DayTwo claims to be the first company to develop a method to accurately predict an individual's glycemic response to specific foods and food combinations using microbiome data and other clinical factors. This evidence-based approach to nutrition enables DayTwo to bring personalised nutrition to market, the company said.
"This ability to go beyond the informational offerings in the market, which are neither evidence-based, clinically proven, or actionable, makes DayTwo different and special. DayTwo will help people act upon a healthier, personalised diet, based on accurately predicting postprandial glycemic response," said Nicholas Chia, professor of biophysics & microbiome at the Mayo Clinic in Rochester, Minnesota.

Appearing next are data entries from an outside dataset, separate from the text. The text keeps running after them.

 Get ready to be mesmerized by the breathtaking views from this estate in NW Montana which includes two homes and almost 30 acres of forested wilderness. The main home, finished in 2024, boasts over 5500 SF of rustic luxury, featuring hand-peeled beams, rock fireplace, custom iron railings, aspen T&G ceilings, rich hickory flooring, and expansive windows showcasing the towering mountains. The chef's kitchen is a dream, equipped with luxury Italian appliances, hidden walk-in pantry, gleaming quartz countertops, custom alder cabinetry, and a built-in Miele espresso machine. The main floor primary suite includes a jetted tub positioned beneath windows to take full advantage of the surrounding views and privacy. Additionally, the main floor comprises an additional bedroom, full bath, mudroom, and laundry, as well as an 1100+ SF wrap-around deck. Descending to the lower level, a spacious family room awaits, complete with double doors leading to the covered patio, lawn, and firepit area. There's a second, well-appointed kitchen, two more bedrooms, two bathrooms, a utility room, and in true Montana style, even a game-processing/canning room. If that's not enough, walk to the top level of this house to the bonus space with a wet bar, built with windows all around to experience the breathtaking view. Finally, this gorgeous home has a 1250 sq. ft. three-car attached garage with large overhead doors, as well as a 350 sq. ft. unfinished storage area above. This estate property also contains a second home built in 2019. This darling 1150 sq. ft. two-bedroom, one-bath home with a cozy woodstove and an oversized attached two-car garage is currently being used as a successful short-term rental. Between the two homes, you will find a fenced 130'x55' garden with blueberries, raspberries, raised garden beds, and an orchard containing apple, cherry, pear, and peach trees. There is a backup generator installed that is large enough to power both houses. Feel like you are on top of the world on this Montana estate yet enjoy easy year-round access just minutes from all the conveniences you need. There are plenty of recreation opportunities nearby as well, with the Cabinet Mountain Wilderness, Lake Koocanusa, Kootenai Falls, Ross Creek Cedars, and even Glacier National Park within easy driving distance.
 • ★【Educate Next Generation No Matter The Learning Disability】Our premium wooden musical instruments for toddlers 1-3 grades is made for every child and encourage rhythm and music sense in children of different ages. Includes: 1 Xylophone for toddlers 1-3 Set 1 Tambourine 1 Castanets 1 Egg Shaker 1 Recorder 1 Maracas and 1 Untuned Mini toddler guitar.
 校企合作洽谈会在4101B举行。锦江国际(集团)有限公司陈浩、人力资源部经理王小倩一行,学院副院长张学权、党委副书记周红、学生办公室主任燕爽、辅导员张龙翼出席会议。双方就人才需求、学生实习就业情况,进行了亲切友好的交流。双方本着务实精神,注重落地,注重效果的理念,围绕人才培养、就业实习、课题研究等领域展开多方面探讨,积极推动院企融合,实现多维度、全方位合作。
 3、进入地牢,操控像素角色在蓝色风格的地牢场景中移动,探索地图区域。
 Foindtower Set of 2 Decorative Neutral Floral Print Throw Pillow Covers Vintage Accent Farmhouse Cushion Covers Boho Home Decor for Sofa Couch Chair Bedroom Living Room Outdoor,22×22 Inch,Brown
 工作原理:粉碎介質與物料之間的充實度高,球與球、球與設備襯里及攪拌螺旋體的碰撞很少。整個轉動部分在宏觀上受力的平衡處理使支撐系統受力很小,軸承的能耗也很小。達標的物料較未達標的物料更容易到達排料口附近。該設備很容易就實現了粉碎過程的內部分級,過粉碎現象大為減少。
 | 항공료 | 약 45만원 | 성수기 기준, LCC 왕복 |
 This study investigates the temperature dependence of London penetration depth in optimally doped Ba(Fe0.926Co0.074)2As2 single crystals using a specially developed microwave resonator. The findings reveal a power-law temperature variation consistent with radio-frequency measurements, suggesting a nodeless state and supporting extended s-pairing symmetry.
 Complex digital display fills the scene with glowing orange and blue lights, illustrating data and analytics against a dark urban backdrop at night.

DayTwo's personalised nutrition offering is based on the original research led by Professors Eran Segal and Eran Elinav from the Weizmann Institute of Science in Israel, and published in the scientific journal Cell. Segal and Elinav found that by profiling an individual's gut microbiome and leveraging machine learning, they can accurately predict an individual's post-meal blood sugar response for unique foods and food combinations.
For consumers, DayTwo offers a cloud-based, first-of-its-kind, proprietary diet and nutrition planner, that enables individuals to get personalised scores for specific foods and food combinations based on their own gut-microbiome profile and other personal parameters.
"We've just scratched the surface of how powerful the microbiome is to support personalised diet, nutrition, and chronic condition management, to enable our customers to have the ability to live a full, happy and healthy lifestyle," said DayTwo Chief Executive Officer Lihi Segal.
"DayTwo has brought actionable, evidence-based science down to a mobile app, to make personalised nutrition easy and convenient for the first time. This enables DayTwo to impact the lives of hundreds of millions of people who struggle with diet and nutrition-related health risks every day."